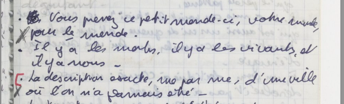 Mais le Carnet rouge se réduit-il à n’être que cette marge de l’œuvre ? Une note après l’autre, l’évidence de se tenir devant une œuvre en tant que telle aussi s’affermit. On peut certes reconnaître ici et là combien le carnet a nourri les textes destinés à être joués et publiés, mais ces notes peuvent se lire indépendamment de ceux-là, et loin de seulement offrir une vue sur la cuisine d’un auteur, donnent à lire de puissants « événements de langage ».
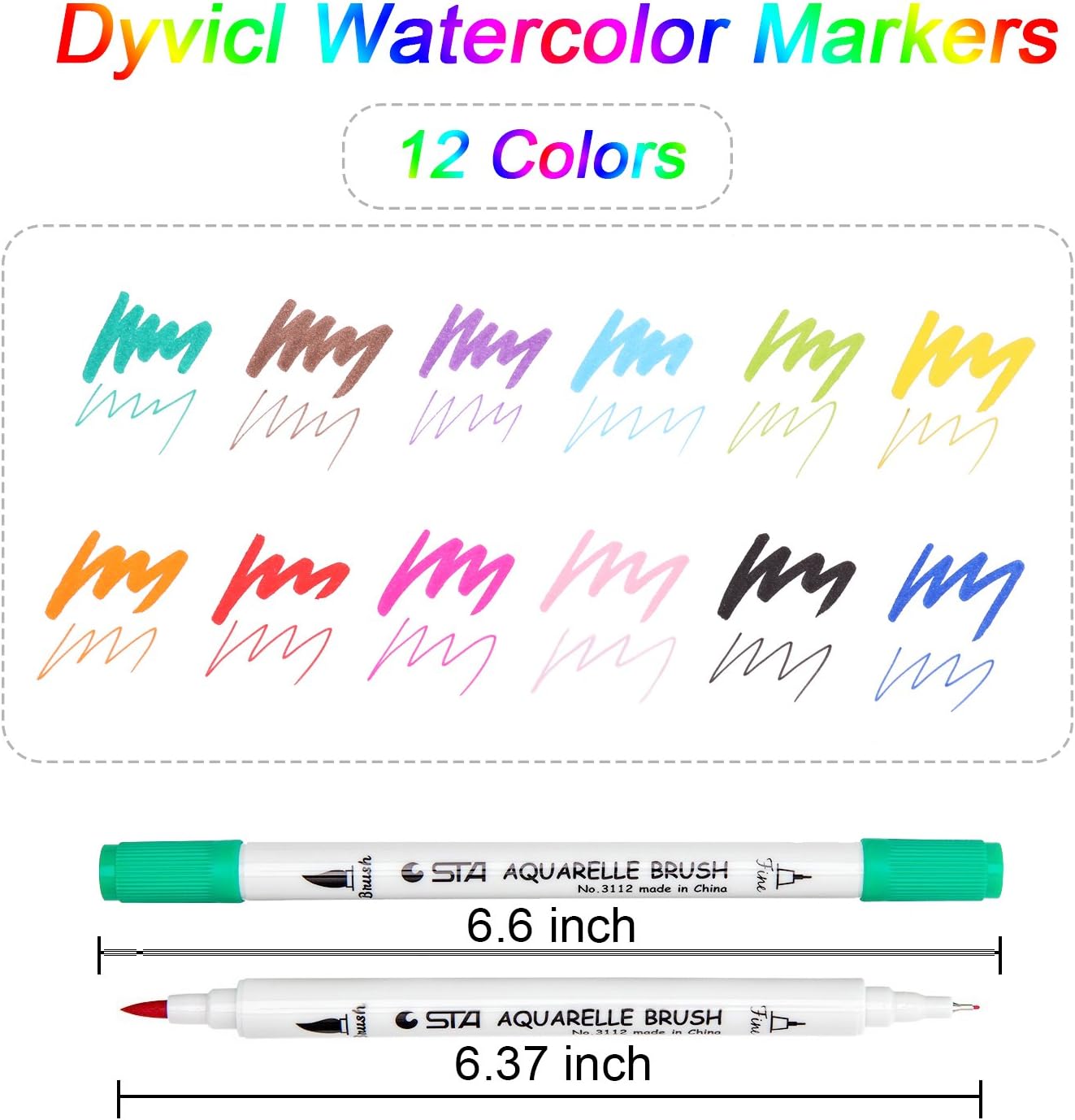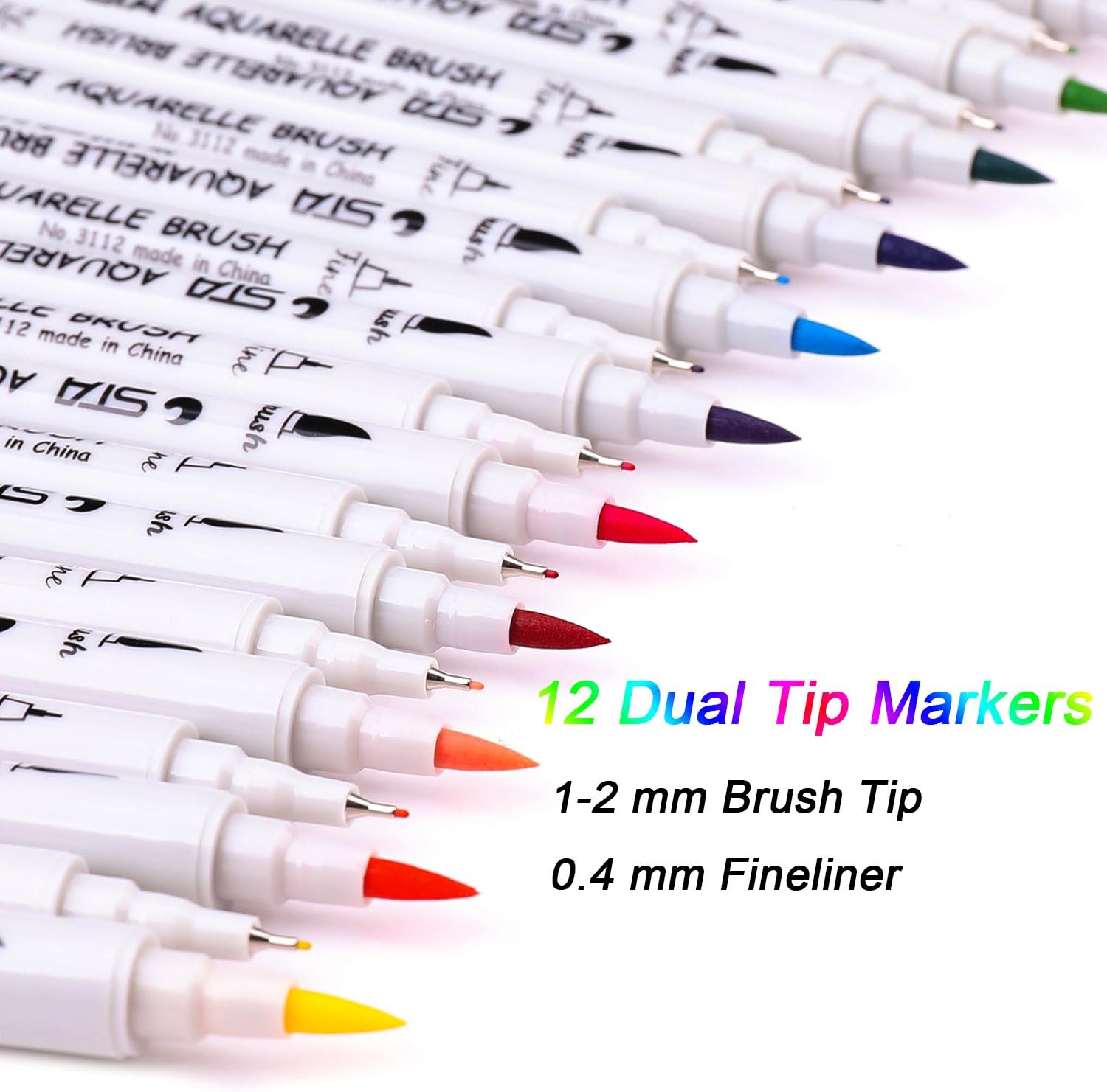 - Water based dye ink - 12 colors stand out distinctly, taking the place of the colored pencils. You will love our vibrant, vivid, pigmented. Non-toxic, odorless and kid safe. The ink flows smooth, no scratchiness or skipping. They dry fast and don't smudge. Our markers blend well when activated with a little water, providing a watercolor effect result
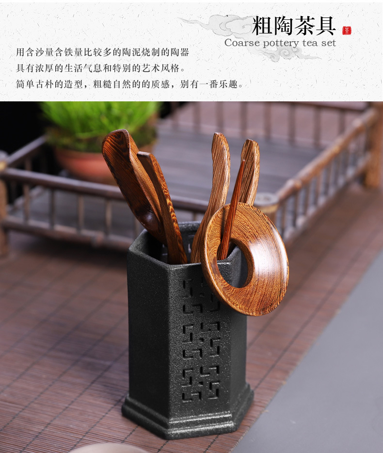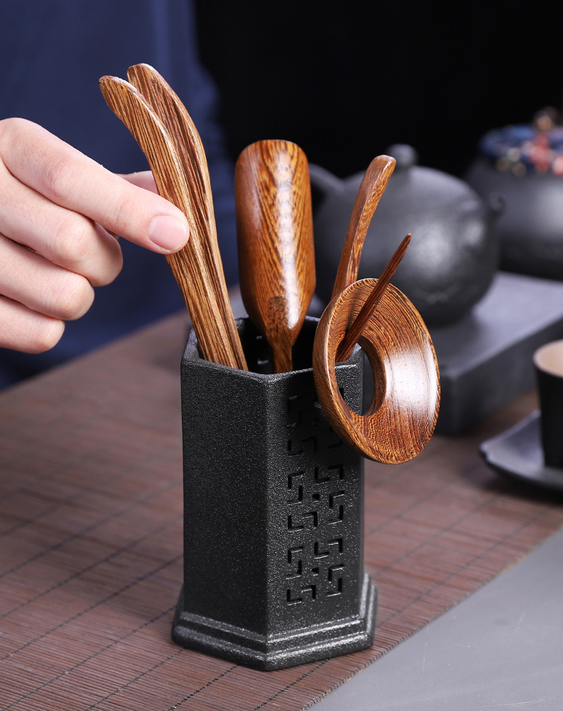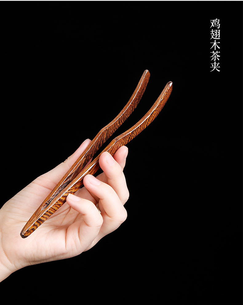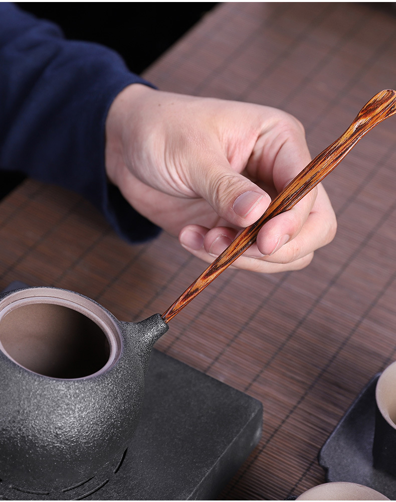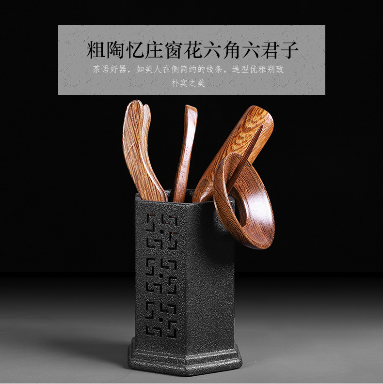 粗陶茶道六君子鸡翅木实木茶夹子茶艺组合整套摆件复古茶具零配件
+ + + + +
◆ DIRECTIONS
Write the listing above out again exactly, dropping each image.

◆ EXERCISE ANSWER
 Mais le Carnet rouge se réduit-il à n’être que cette marge de l’œuvre ? Une note après l’autre, l’évidence de se tenir devant une œuvre en tant que telle aussi s’affermit. On peut certes reconnaître ici et là combien le carnet a nourri les textes destinés à être joués et publiés, mais ces notes peuvent se lire indépendamment de ceux-là, et loin de seulement offrir une vue sur la cuisine d’un auteur, donnent à lire de puissants « événements de langage ».
 - Water based dye ink - 12 colors stand out distinctly, taking the place of the colored pencils. You will love our vibrant, vivid, pigmented. Non-toxic, odorless and kid safe. The ink flows smooth, no scratchiness or skipping. They dry fast and don't smudge. Our markers blend well when activated with a little water, providing a watercolor effect result
 粗陶茶道六君子鸡翅木实木茶夹子茶艺组合整套摆件复古茶具零配件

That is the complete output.